Adán Vallecillo ha estado a la vanguardia en la praxis creativa y política centroamericana durante décadas a través de su trabajo en escultura, instalación, con raíces en performance y sociología. La instalación y performance de Vallecillo, ¡Cuidado!, marca su debut de performance en Nueva York. El título carga doble significado: tanto precaución como cuidado. Vallecillo nos muestra esta dualidad a través de las experiencias vividas por los migrantes hondureños que trabajan como cuidadores de personas de la tercera edad en la ciudad de Nueva York. Inspirado por su hermana Mabel Vallecillo, una inmigrante que ha dedicado más de veinte años al cuidado de ancianos en Estados Unidos, este proyecto ilustra la naturaleza esencial y a su vez subestimada del trabajo de cuidado. Vallecillo destaca la belleza del cuidado dentro de una cultura que considera tabú la mortalidad y genera temor y vergüenza en torno al envejecimiento. A la vez este cuadro resalta las relaciones políticas y sociales entre Estados Unidos y Honduras. El concepto del cuidado también enmarca las relaciones interpersonales de Vallecillo con su comunidad y forma la base para sus metodologías de trabajo con cuidadores de personas envejecidas, quienes a menudo enfrentan problemas tales como el racismo, la xenofobia y la explotación laboral.
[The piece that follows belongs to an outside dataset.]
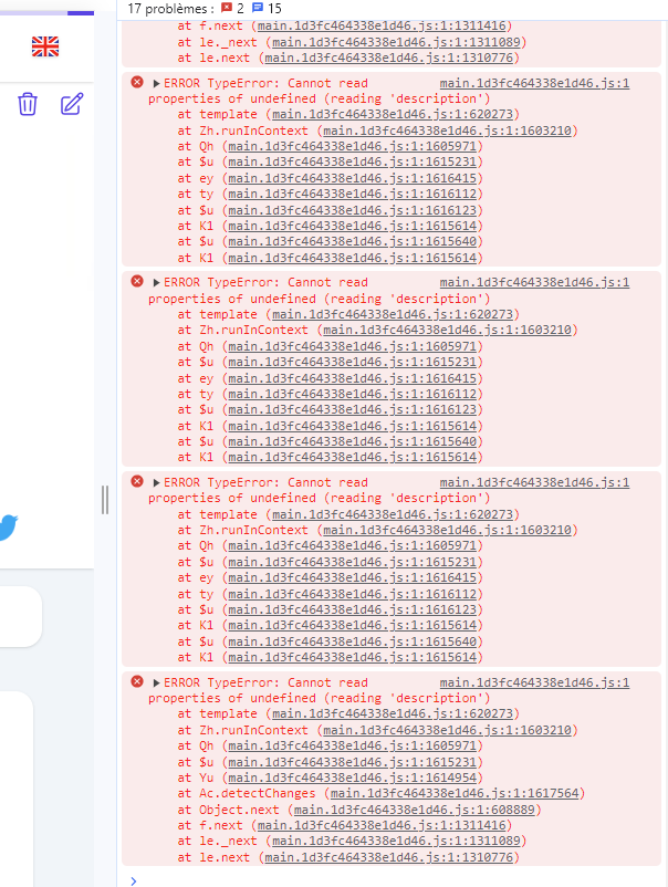 lors de la consultation d'un BL, lorsqu ej change la langue, j'ia une erreur console

La práctica de Vallecillo está centrada en una investigación contínua sobre el terreno, interactuando íntimamente con las comunidades para crear exhibiciones específicas al lugar y localmente relevantes. ¡Cuidado! consiste de una serie de entrevistas con cuidadores de diferentes orígenes, edades y trasfondos, en barrios con grandes poblaciones centroamericanas como el Sur del Bronx y Bushwick, así como en conversaciones con sindicatos que defienden los derechos de los trabajadores de la salud. Esta investigación constituye la base de ¡Cuidado!, transmitiendo los matices y la poesía del trabajo de cuidado y ofreciendo al público una perspectiva íntima y abstracta de la vida diaria de los migrantes. La instalación incluirá obras de video dirigidas por Vallecillo que documentan acciones privadas realizadas en varios lugares de la ciudad. Estas obras de video se exhibirán junto con otras obras escultóricas, visuales y auditivas que exploran diferentes modalidades del trabajo de cuidado. La inauguración de la exposición incluirá performances en vivo.

¡Cuidado! es la culminación del becario curatorial inaugural Keith Haring de Performance Space New York, curada y coproducida por X Arriaga Cuellar.